From 16a559c9c66b3e810860b59c4099527b38a5337e Mon Sep 17 00:00:00 2001
From: Marc Orr <marc.orr@gmail.com>
Date: Sat, 19 May 2012 04:32:25 -0700
Subject: [PATCH] x86 ISA: Implement the sse3 haddps instruction.

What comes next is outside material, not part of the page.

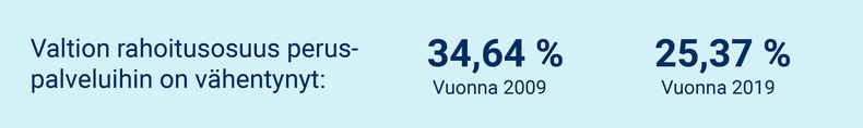 Kuntien peruspalveluiden yleistä valtionosuusjärjestelmää tarvitaan tulevaisuudessakin tasoittamaan kuntien kustannus- ja tuloeroja. Valtion tulee osallistua kuntien palveluiden rahoittamiseen perusrahoituksen tosiasiassa turvaavalla osuudella.
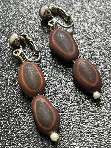 Vintage Wood Nut Faux Pearl Retro Dangle Clip Earrings

Shuffle the 32 bit values into position, and then add in parallel.
---
 src/arch/x86/isa/decoder/two_byte_opcodes.isa |  2 +-
 .../arithmetic/horizontal_addition.py         | 37 ++++++++++++++++++-
 2 files changed, 37 insertions(+), 2 deletions(-)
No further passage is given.